One of the solutions to this problem is distributed computing you can process this data in multiple computers. Softwares like apache spark and dask do exactly this. I was working in a machine learning toolbox project with data between 40gb and 100gb which naturally couldn't fit into any of our computers and we decided to solve this problem with dask. We chose Dask because it ports very well with pandas and you don't necessarily have to change your code base. You can read more on the differences between dask and apache spark here.

The question then is what is dask? Dask is a distributed computing toolware for tabular datasets that can't fit into memory. The upside is that even though it makes sense to use it in a cluser of computers, you can provision your local machine with about 16gb ram to run datasets of about 100gb. In the below paragraphs I will outline what we did in order to utilise Dasks after many trial and error and sleepless nights.
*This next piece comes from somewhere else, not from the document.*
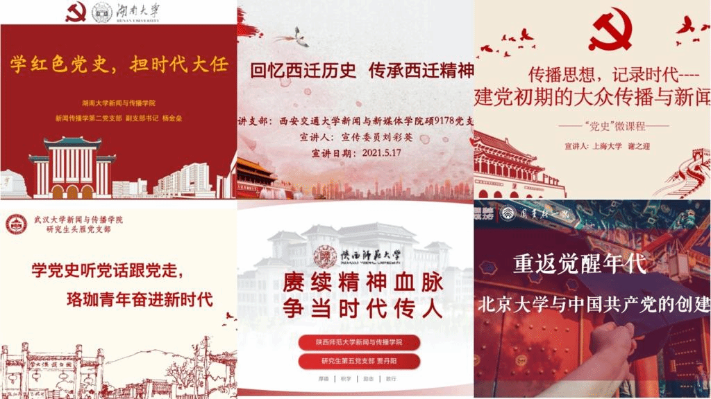 线上学党史活动中,来自5地6校的新闻传播学科党、团支部,在介绍各自支部发展情况基础上,各派出一名宣讲员分别对党史进行不同角度讲解。北京大学新闻与传播学院2020级专硕班党支部书记肖吉雅从热播剧《觉醒年代》切入,将北京大学划为四个时期,分别是新文化运动中心、五四运动策源地、传播马克思主义阵地以及创建共产党重要基地,讲述北京大学与中国共产党创建的历史,带领全体师生重返觉醒年代。武汉大学新闻与传播学院研究生头雁党支部宣传委员任鑫琦分享了当下疫情防控中一个个珞珈青年的动人事迹。湖南大学新闻与传播学院新闻传播学第二党支部副书记杨金垒结合岳麓山红色基因,深挖党史“富矿”。陕西师范大学新闻与传播学院研究生第五党支部书记贾丹阳从“刘泽如”和“杨清源”两位老学长讲起,深刻阐释了“扎根西部、甘于奉献、追求卓越、教育报国”的西部红烛精神。上海大学2020级新闻与传播研究生党支部宣传委员谢之迎,详细列举中国共产党早期创办的4种重要报刊,讲述了建党初期大众传播与新闻的故事。老虎机线上-真钱老虎机-网络老虎机

One of the main ideas behind distributed computing tools is partitioning of data. If we have datasets as big as 100gb and we try to fit this into memory of 16gb it is going to fail. However, if we make 20 equal partitions of this data we'll have about 5gb for each partition and this can easily fit into a memory of 16gb. The question arises on how we can compute the mean of a column that resides in different partitions even though the implementation of dask is out of scope of this write up, we try to index our data such that we can know where to find data. Another idea to optimise this process is data storage. The most common file storage is csv but this is not only clunky for our purposes but forces us to import all the data when maybe we wanted to work on a column. This is what columnar file storage systems bring. If you had a tabular data of age, height and income and we want to obtain the mean age with a csv file you are forced to load the whole data but with a columnar storage system like parquet, you load only the relevant column into memory.

Indexing

You can't escape the subject of indexing in Dask just like in relational databases if you want optimal performance you have to index correctly on the columns you use often for your queries. In Dask indexing your dataframe intelligently will save you a lof of shuffles and headache. For example if you know a particular column is used heavily for grouping or for merging with other data frame this should be the column to be indexed. This will make processing your code on a partition level similar to that of pandas.

Partitioning

Using the right partition size helps to limit overhead and amount of memory you spend processing your data frame. According to dask documentation, your partitons should be less than 1gigabyte

Map_partitions

This is a very important subject in refactoring your pandas project to use dask. The first temptation is to rewrite the project to use pandas like dask functions but this didn't work for us. The best option was always a little bit of rewrite of your pandas function and wrapping it around dask map_partitions method. This basically processes your data partition by partition with parallelisation if you provided threads when configuration your workload. This is why you need the right partition size to make sure the data in these partitions fit comfortably in memory. A wrong choice with your partitions will give the dask notice similar to distributed.utils_perf - WARNING - full garbage collections took 11% CPU time recently (threshold: 10%). Imagine we have a pandas function written like the below code snippet


    def mapped_fun(data):
        for lag in range(4):
            data[f"col_{lag}"] = data.groupby("col1")["col3"].transform(lambda x: x.shift(lag)).apply(lambda x: np.log(x))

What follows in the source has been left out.